* EXERCISE INSTRUCTIONS: Set down each line of the material that follows exactly, and leave its pictures out.

* RAW DATA:
· · ·
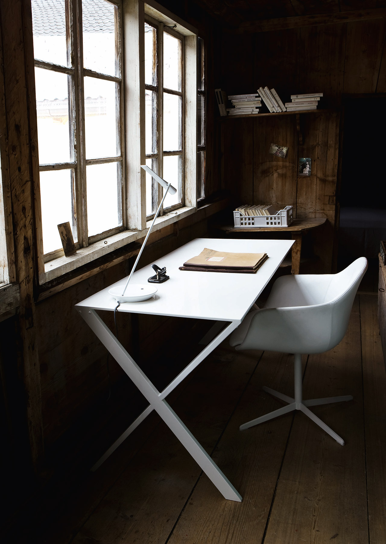 多功能桌子或办公桌。 顶部由折叠起来的激光切割铝板构成; 金属底座支撑,铝挤压腿。 桌子采用哑光漆,有白色,蓝色,红色,灰色和黑色可供选择。
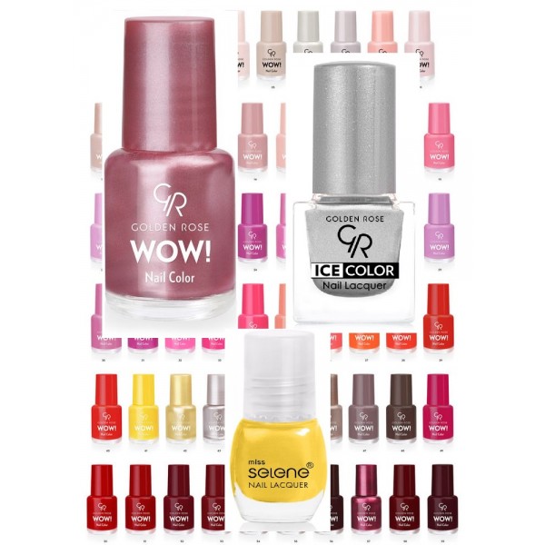 Jedná se o sadu různě barevných laků na nehty (barvy jsou různé - nejen ty, co jsou na obrázku) Golden Rose - konkrétně jsou to laky: Golden Rose WOW nail polish, Golden Rose ICE COLOR nail polish a MISS SELENE nail polish.
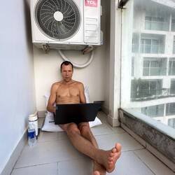 Alex entspannt in der Badewanne mit herrlichem Ausblick aufs Meer vom 21. Stock aus. Ein sehr nettes, kompaktes Appartment.
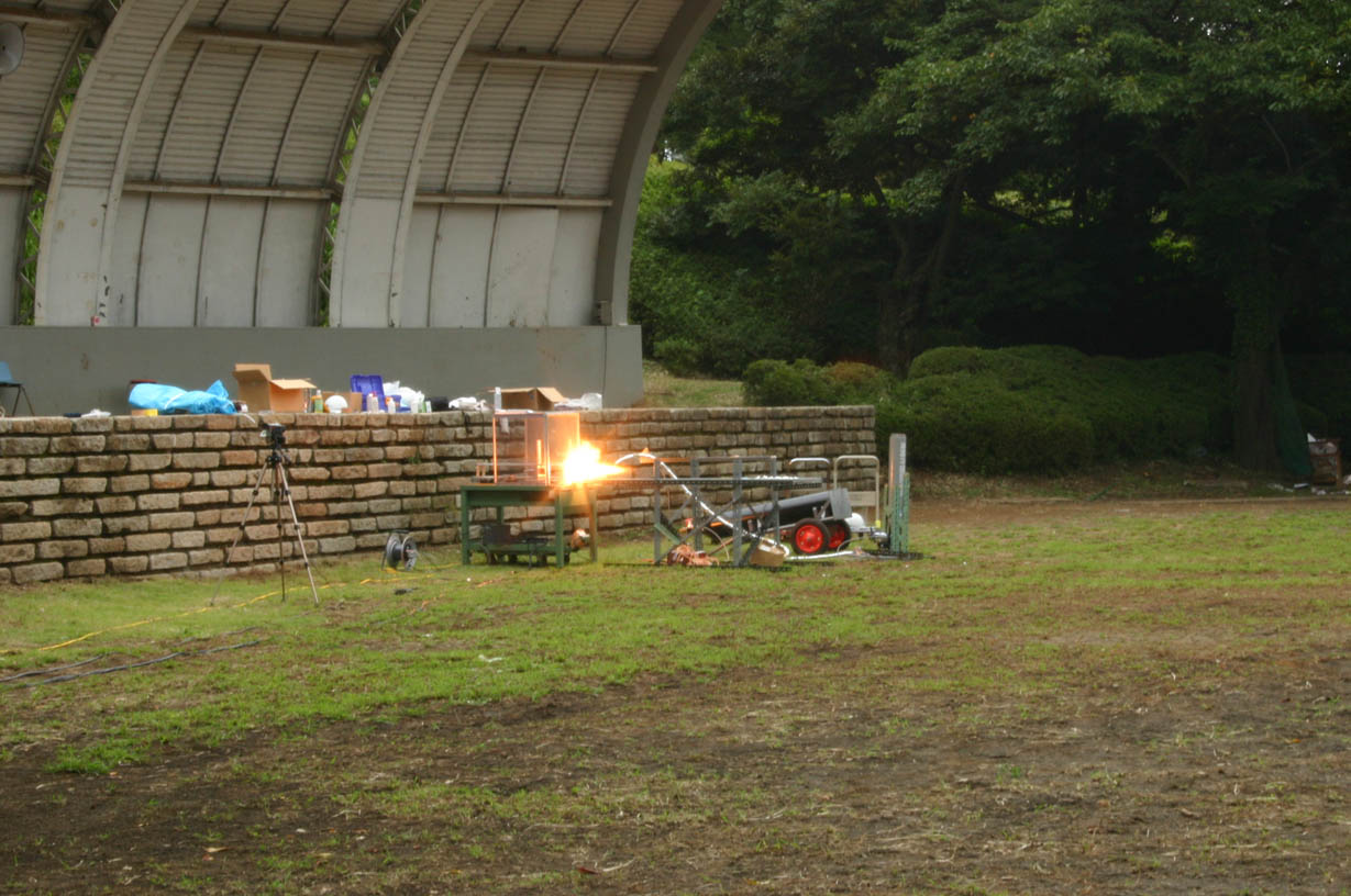 写真はこのときに行われたロケットエンジン(ハイパーテック)の燃焼試験。
· · ·
* FINISHED TASK:
 多功能桌子或办公桌。 顶部由折叠起来的激光切割铝板构成; 金属底座支撑,铝挤压腿。 桌子采用哑光漆,有白色,蓝色,红色,灰色和黑色可供选择。
 Jedná se o sadu různě barevných laků na nehty (barvy jsou různé - nejen ty, co jsou na obrázku) Golden Rose - konkrétně jsou to laky: Golden Rose WOW nail polish, Golden Rose ICE COLOR nail polish a MISS SELENE nail polish.
 Alex entspannt in der Badewanne mit herrlichem Ausblick aufs Meer vom 21. Stock aus. Ein sehr nettes, kompaktes Appartment.
 写真はこのときに行われたロケットエンジン(ハイパーテック)の燃焼試験。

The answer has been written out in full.